What would you do differently next time? "The project was a success, so I would not do anything differently!"

Key takeaways or insights from this project that you would like to share? "OpenAPI V4 is much better than V3!"

Kelvin's project - "LogoGen"

Kelvin's AI project - "LogoGen"


Kelvin, a software developer, worked on a logo generator app which uses your given description to create 10 different logos.

Primary languages, frameworks and tools used: TypeScript, React Native and Tamagui

Specific libraries, APIs or data sources that played a crucial role in the project: OpenAI API

What were the obstacles, and how did you overcome them? OpenAI API does not support DALL·E 3 model, which would offer better results.

Any other feedback? "Great initiative!"

Petko's AI Project - "Lango"

Pekto's AI project - "Lango"


Petko, Morrow's React Native developer, worked on Lango - a web app allowing users to chat with a bot in different languages.
The user selects the language to write and the language in which the bot replies.

Lango lets you train how well you know a language by giving you a sentence recommendation if it thinks what you wrote isn't grammatically correct. You can switch the input and output languages without starting a new conversation.

Primary languages, frameworks and tools used: Expo, React Native Web and React Native Paper

Specific libraries, APIs or data sources that played a crucial role in the project: OpenAI API

What were the obstacles, and how did you overcome them? The biggest obstacle was recording voice for a speech-to-text functionality. I was using expo-av, which didn't work, and I ran out of time to fix this issue.

What would you do differently next time? "Plan my time better so I could try other ways of voice recording."

Key takeaways or insights from this project that you would like to share? "Recording voice didn't work at all on the web, while on mobile, I could save a file."

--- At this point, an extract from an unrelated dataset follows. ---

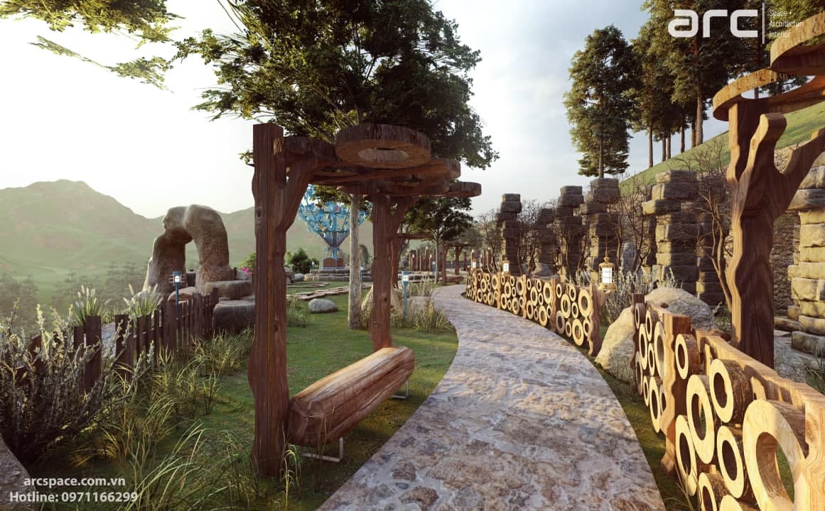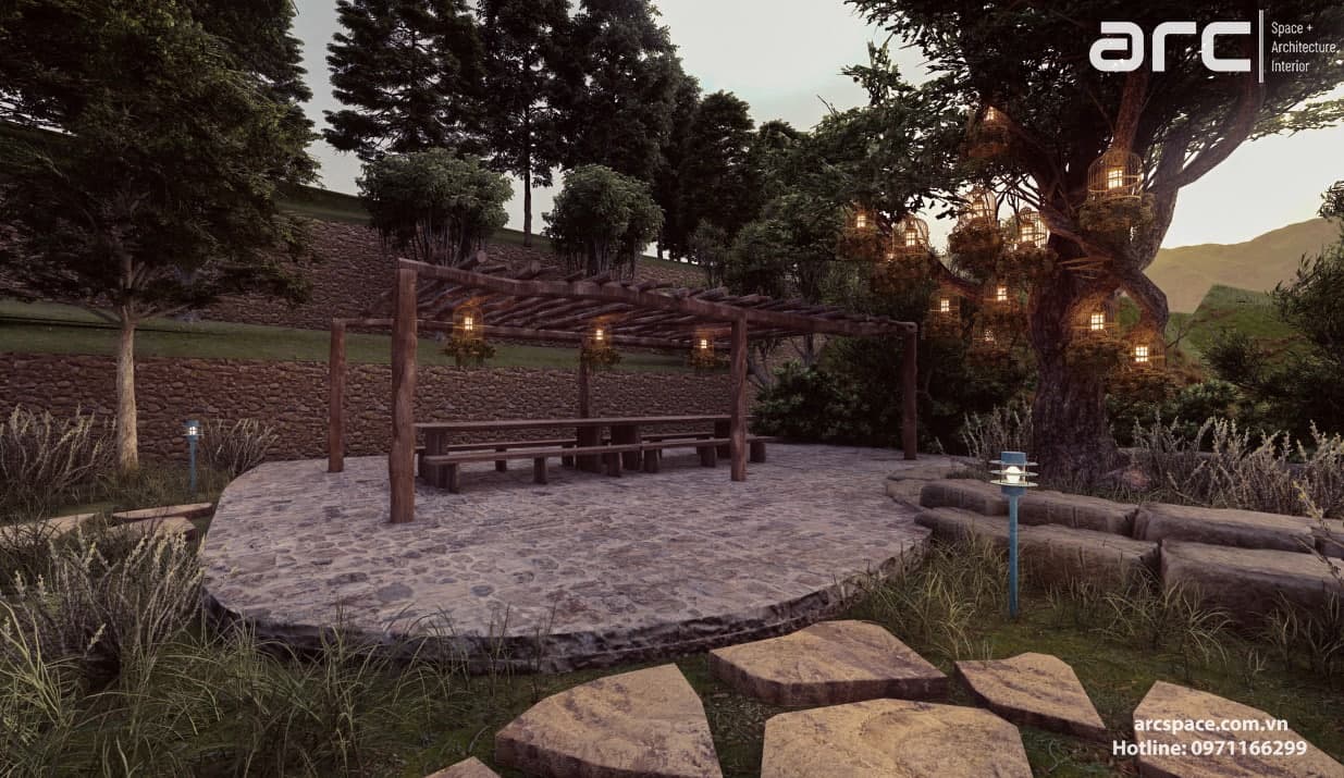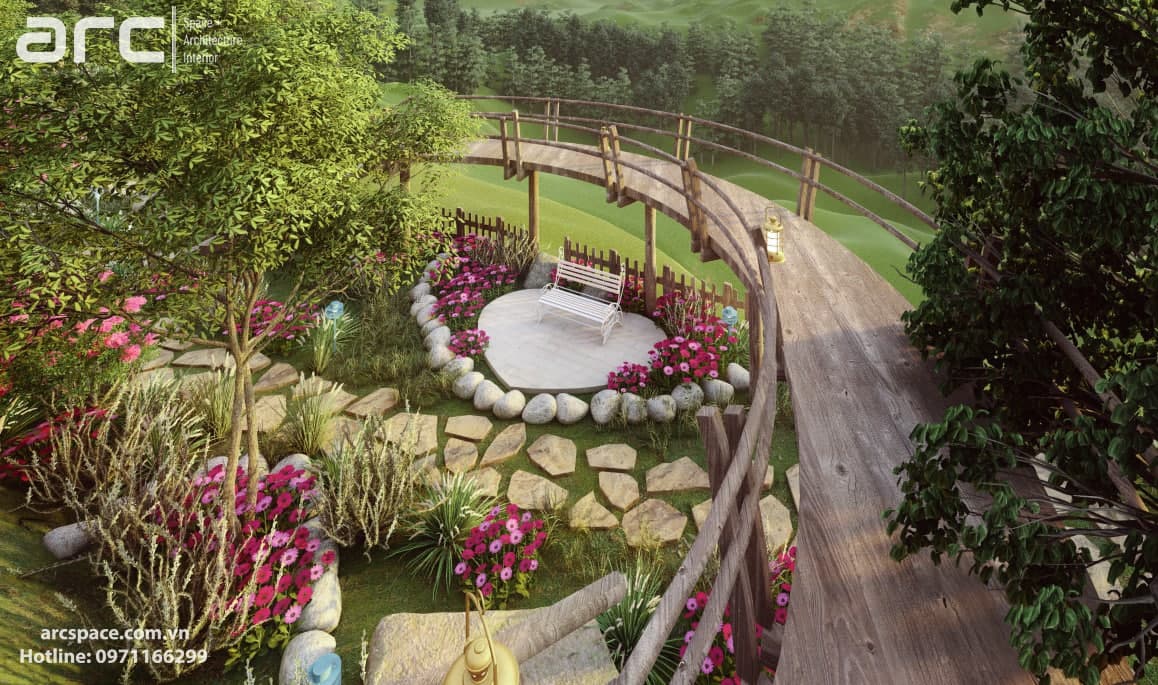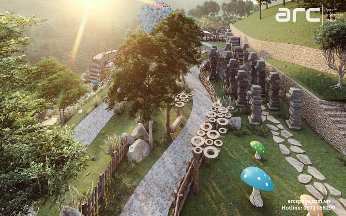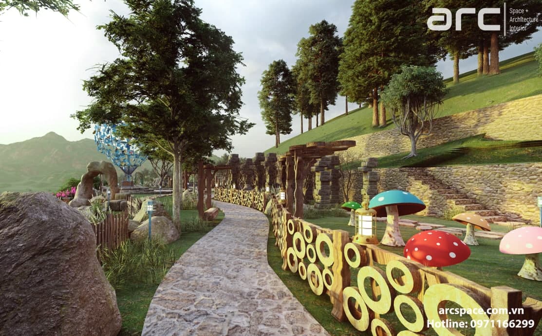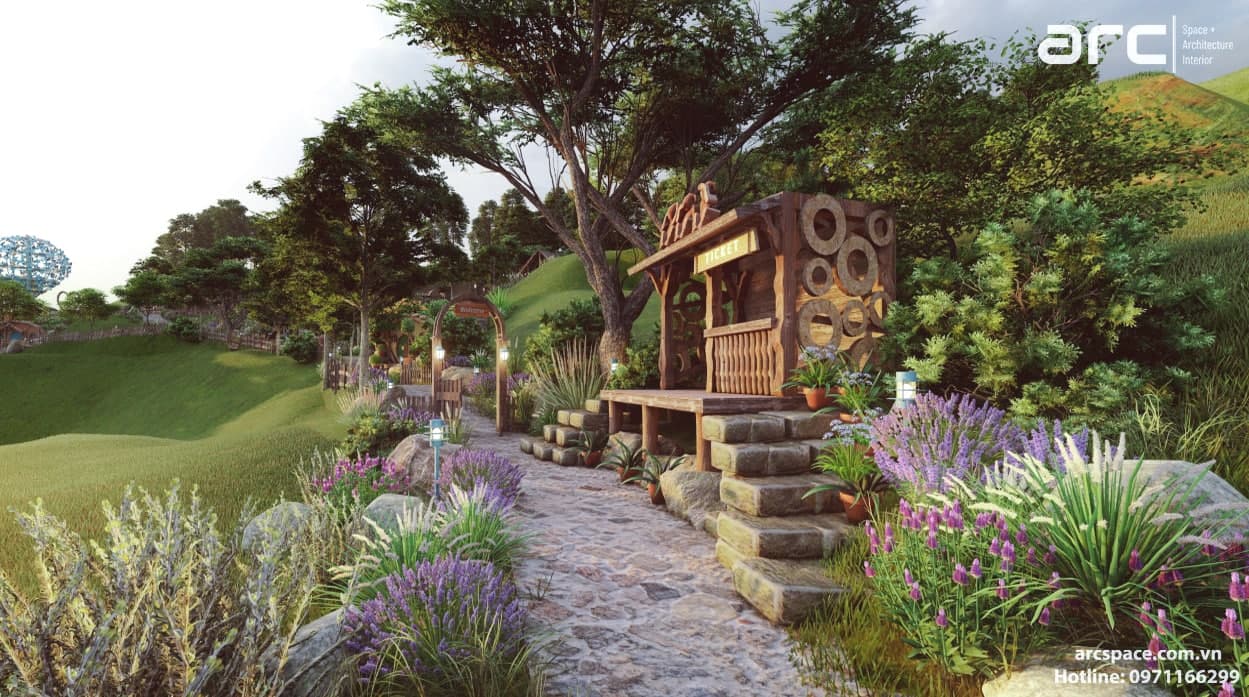 Cùng kiến trúc sư Đạt Trịnh của Arc Space dẫn mọi người vào khu cổ tích đầy thơ mộng này nhé, đi qua những ngôi nhà hobbit - nhà của người lùn đẹp nên thơ để vào khu quần thể check in siêu đỉnh. Tâm điểm dự án là quả khinh khí cầu siêu đỉnh cao 5m được hình thành bởi những con bớm đang tung cánh bay. Tâm điểm không thể bỏ qua thứ hai là mặt nước đồng hồ với những bông hoa cúc tượng trưng cho 12h. Lấy ý tưởng từ tên dự án do chủ đầu tư đặt là Daisy, kiến trúc sư của chúng tôi đã nghĩ ra ý tưởng về mặt đồng hồ nước này. Còn rất nhiều điều hay ho trong dự án này, hãy cùng Arc Space ngắm nghía dự án siêu đỉnh này nhé

The Winner of Morrow's AI Hackathon 2.0

Cole Townsend, the CTO of SoleRetriever, a sneakerhead mainstay, and Morrow's client, kindly agreed to be our AI Hackathon 2.0 guest judge. After some deliberation, Cole announced the winner: "On the combination of the technicality, completeness of the project, creativity and overall presentation, I am awarding the win to our reigning champion Ivan for making a great storyteller! There were some pretty ambitious projects there. Great job all of you!"

"On the combination of the technicality, completeness of the project, creativity and overall presentation, I am awarding the win to our reigning champion Ivan for making a great storyteller! There were some pretty ambitious projects there. Great job to all of you!" - Cole Townsend, CTO of SoleRetriever

Congratulations to Ivan once again! Will someone finally take the crown from our reigning champion in the next Hackathon?